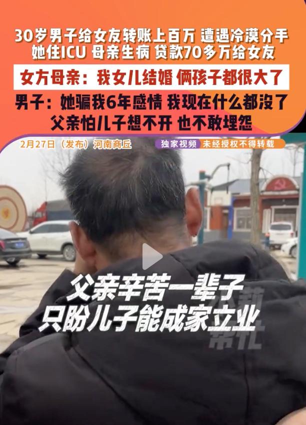 太坏了!河南商丘,一痴情男子给女友转账100多万,谈了6年才发现,对方不仅结了婚,还是两个孩子的妈,孩子都很大了,这惊天一闷棍,让男子的父亲声泪俱下。网友直呼:这不仅是骗钱,这是要人命啊。 在2月27号,这件事被媒体曝光出来,这位男子姓曹,他在工厂认识了这个女孩,俩人谈了6年,起初女孩说亲妈生病,他二话不说贷款10万打过去。第3年俩人在微信上订了婚,他又交了36000元礼金。到了第4年,女孩说眼睛要做手术,开口就要20多万。紧接着对方哥哥又说女子进了icu,命悬一线,曹先生心急如焚,又凑了20万转过去。甚至对方说家里欠了高利贷,他也咬牙贷款18万给填了坑。 曹先生这6年基本是倾其所有,自己打工挣的钱花光了,还背了70多万的贷款。可等到他想见面的时候,对方父母却死活不同意,女孩直接闹分手。曹先生满脑子疑问找到对方家里,结果真相像雷一样劈下来,人家不仅结婚了,连孩子都很大了,这6年他省吃俭用供养的,竟然是一个已婚妇女的家庭。 曹先生的父亲在一旁哭得稀里哗啦,老人家白天黑夜在外面干活,原本指望儿子成家立业,现在天都塌了。看着儿子眼神空洞、一脸虚脱的样子,老父亲连一句重话都不敢说,就怕孩子钻牛角尖想不开。 这件事起了不少人的愤怒,有网友现身说法:这是妥妥的刑事诈骗,赶紧报警,一定要利用法律武器把钱追回来。 甚至有网友分享说:哪怕拿不回全部,起码也要让骗子坐牢,不能让这家人白白欺负老实人。 不得不说,看完这男子的遭遇,真是又心疼又生气。这已经不是普通的恋爱脑了,这是被对方精准拿捏了责任心。对方利用生病、手术、icu这些极端的借口,进行长达6年的深度情感勒索。其实往简单了说,这种行为已经完全触犯了法律。 根据咱们国家的法律规定,隐瞒已婚事实,编造亲属生病、进icu这种虚假事实,骗取数额巨大的财物,这百分之百构成了诈骗罪。 现在最紧要是立即报警,虽然很多钱可能已经被对方挥霍了,但只要立了案,就能通过警方追查资金流向。如果对方真没钱还,法院也会强制执行,哪怕是查封房产或车辆,也能尽量减少损失。 只能这样才是给老父亲和自己这6年青春唯一的交代。 对此,你是怎么看的?
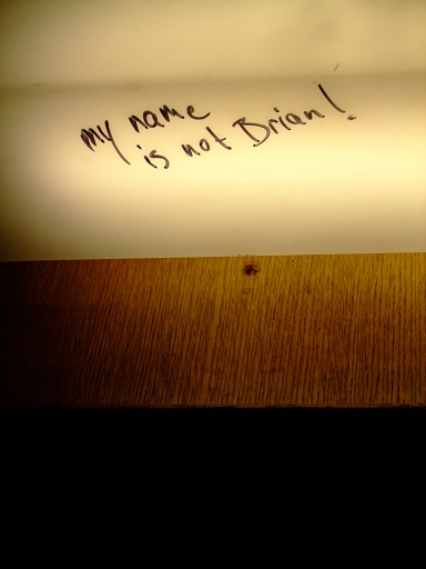 Maybe more bizarre was the message graffiti'd on the light in the lift...
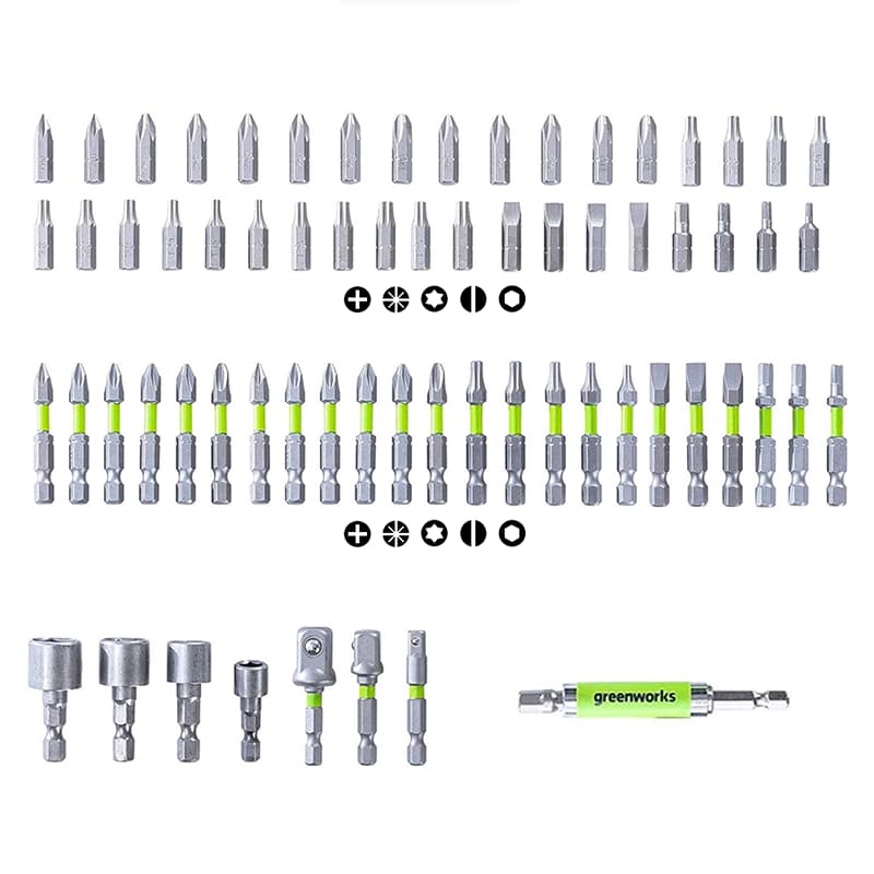 GREENWORKS Набор бит, торцевых головок и адаптеров в кейсе 70 шт. (2944407)

= = = = = = =

_WORK INSTRUCTIONS_
Your reply should hold every line above exactly as written and none of the pictures.

_RESPONSE TO THE TASK_
 太坏了!河南商丘,一痴情男子给女友转账100多万,谈了6年才发现,对方不仅结了婚,还是两个孩子的妈,孩子都很大了,这惊天一闷棍,让男子的父亲声泪俱下。网友直呼:这不仅是骗钱,这是要人命啊。 在2月27号,这件事被媒体曝光出来,这位男子姓曹,他在工厂认识了这个女孩,俩人谈了6年,起初女孩说亲妈生病,他二话不说贷款10万打过去。第3年俩人在微信上订了婚,他又交了36000元礼金。到了第4年,女孩说眼睛要做手术,开口就要20多万。紧接着对方哥哥又说女子进了icu,命悬一线,曹先生心急如焚,又凑了20万转过去。甚至对方说家里欠了高利贷,他也咬牙贷款18万给填了坑。 曹先生这6年基本是倾其所有,自己打工挣的钱花光了,还背了70多万的贷款。可等到他想见面的时候,对方父母却死活不同意,女孩直接闹分手。曹先生满脑子疑问找到对方家里,结果真相像雷一样劈下来,人家不仅结婚了,连孩子都很大了,这6年他省吃俭用供养的,竟然是一个已婚妇女的家庭。 曹先生的父亲在一旁哭得稀里哗啦,老人家白天黑夜在外面干活,原本指望儿子成家立业,现在天都塌了。看着儿子眼神空洞、一脸虚脱的样子,老父亲连一句重话都不敢说,就怕孩子钻牛角尖想不开。 这件事起了不少人的愤怒,有网友现身说法:这是妥妥的刑事诈骗,赶紧报警,一定要利用法律武器把钱追回来。 甚至有网友分享说:哪怕拿不回全部,起码也要让骗子坐牢,不能让这家人白白欺负老实人。 不得不说,看完这男子的遭遇,真是又心疼又生气。这已经不是普通的恋爱脑了,这是被对方精准拿捏了责任心。对方利用生病、手术、icu这些极端的借口,进行长达6年的深度情感勒索。其实往简单了说,这种行为已经完全触犯了法律。 根据咱们国家的法律规定,隐瞒已婚事实,编造亲属生病、进icu这种虚假事实,骗取数额巨大的财物,这百分之百构成了诈骗罪。 现在最紧要是立即报警,虽然很多钱可能已经被对方挥霍了,但只要立了案,就能通过警方追查资金流向。如果对方真没钱还,法院也会强制执行,哪怕是查封房产或车辆,也能尽量减少损失。 只能这样才是给老父亲和自己这6年青春唯一的交代。 对此,你是怎么看的?
 Maybe more bizarre was the message graffiti'd on the light in the lift...
 GREENWORKS Набор бит, торцевых головок и адаптеров в кейсе 70 шт. (2944407)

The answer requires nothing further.